The fastest aircraft in the world clocks in at Mach 6.70. That’s roughly 4473 miles per hour. For reference, the fastest human on Earth (Usain Bolt) has a record speed of 27.73mph. The jet is 161 times faster, give or take a few decimals. It’s no question that we want our planes to be fast…but why do we crave such speed?
Part of it is convivence. While supersonic speeds are commonplace among military jets and specialty aircraft, commercial airliners achieve nowhere near the same top speed. Planes are still faster travel options than trains or boats, but even a trip across the country can take over five hours. The last time a commercial flight broke the sound barrier was in 2003 when the Concorde was retired.
Since then, a number of companies are hoping to make faster air travel a reality. Boom Supersonic hopes to make planes that can go up to 1451 mph by 2023. They’d be able to take passengers to London from New York in a scant three hours and fifteen minutes. Some companies are even dreaming of hypersonic jets, able to fly at five times the speed of sound. They’d be for military purposes first, but eventually could be used commercially.
Boeing also unveiled a new jet plane design earlier this year. During slower segments of the flight, like take-off and landing, it would use a traditional turbine engine. But during the main flight, it would use a “dual-mode ramjet” that can only operate at speeds in excess of Mach 3. There’s no word yet on when these planes will be available.
While such speed is exciting, it’s also dangerous. There’s a reason military jet pilots undergo such extensive training and are occasionally known to pass out. The speed and altitude are far removed from normal commercial flight patterns. There’s also debate on what effects emissions at those altitudes will have on the environment. Ticket prices will also go up considerably due to the cost of fuel, and seats already cost a pretty penny.
There’s also the sonic boom to consider. Normal commercial aircraft already create sonic booms, but hypersonic craft could create a boom so powerful, it could cause severe damage. As of this writing, the Federal Aviation Association has banned supersonic flight over land, with the practice only been doing over water.

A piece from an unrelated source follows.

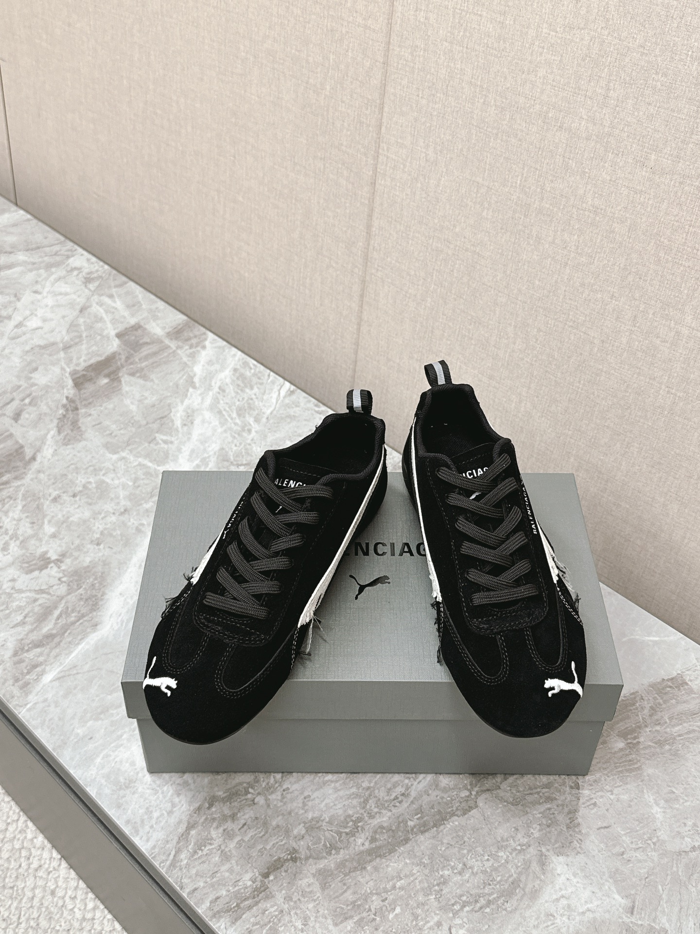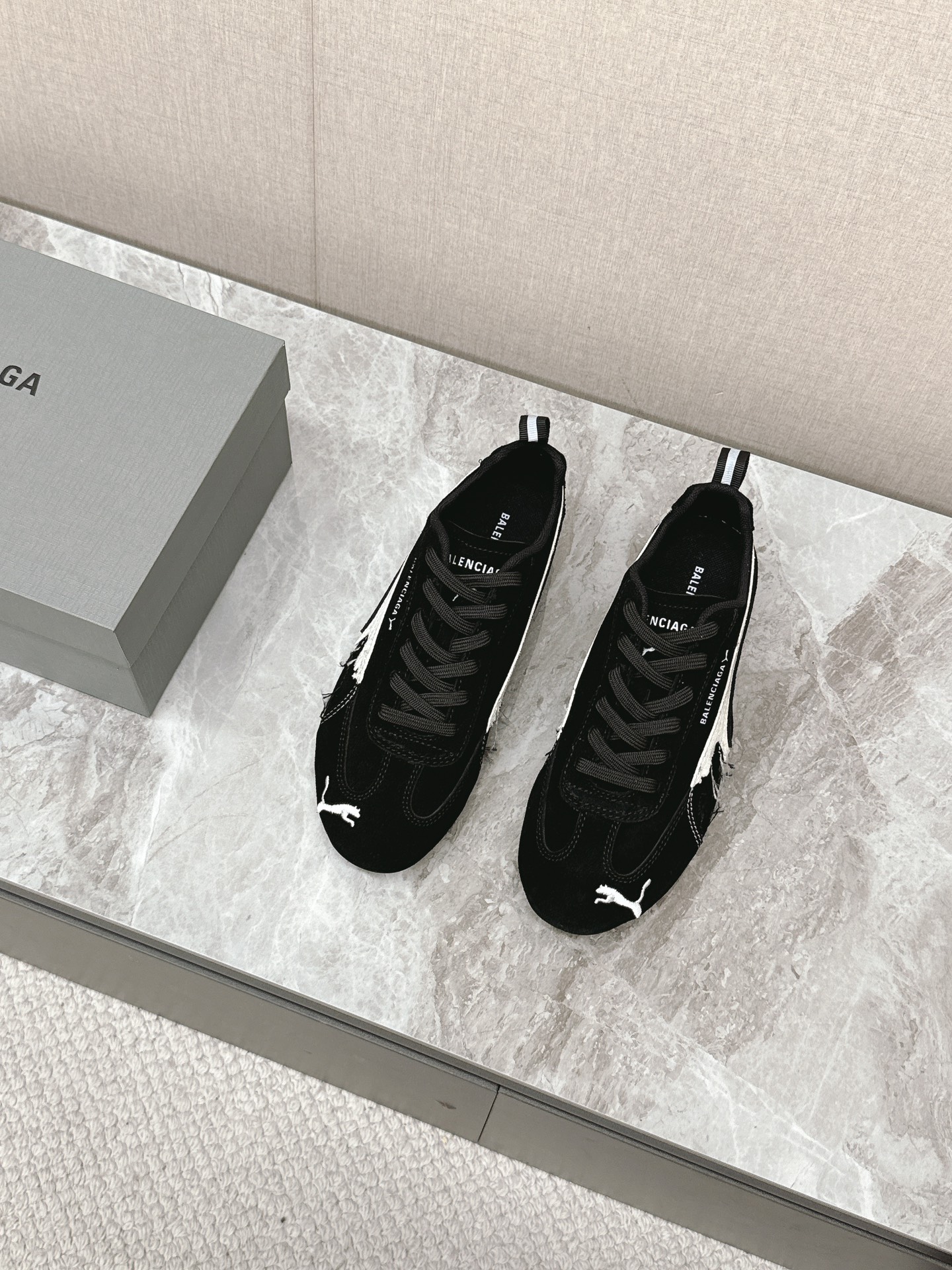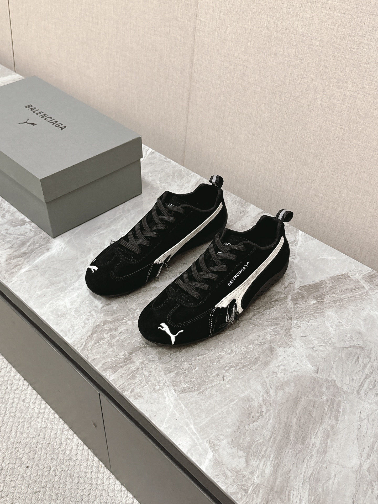 Balenciaga x Puma Black Worn-Out Broken Logo Leather Suede Speed GAT Sneakers

Scientists, however, are already hard at work overcoming these obstacles. In 2017, NASA’s Quiet Supersonic Transport (QueSST) passed a major milestone during testing and progress continues to be made. The QueSST could reach supersonic speeds without creating a sonic boom, and this technology could be applied to other planes. Other areas of such jets are being studied and revamped. The fuselage, for instance, might not have real windows and instead use virtual ones. These projections would show the same sights as a normal window in real-time, giving passengers the chance to experience seeing the curvature of the Earth from their current height.
When can we expect hypersonic commercial planes? Not anytime this or the next decade, that’s for certain. Even if the technology was perfected, the industry would still need to prepare for the advancements. John Plueger, president and CEO of Air Lease Corporation told CNBC that it’s “hard for [him] to see [hypersonic flight taking off], at least in the next 15-20 years.” He explained the costs would be so high and risky that companies would be afraid to take the gamble.
Nevertheless, the era of international day trips could be closer than anticipated. Until then, though, we can take comfort in watching the Blue Angels and knowing that those speeds are ours in our near-distant future.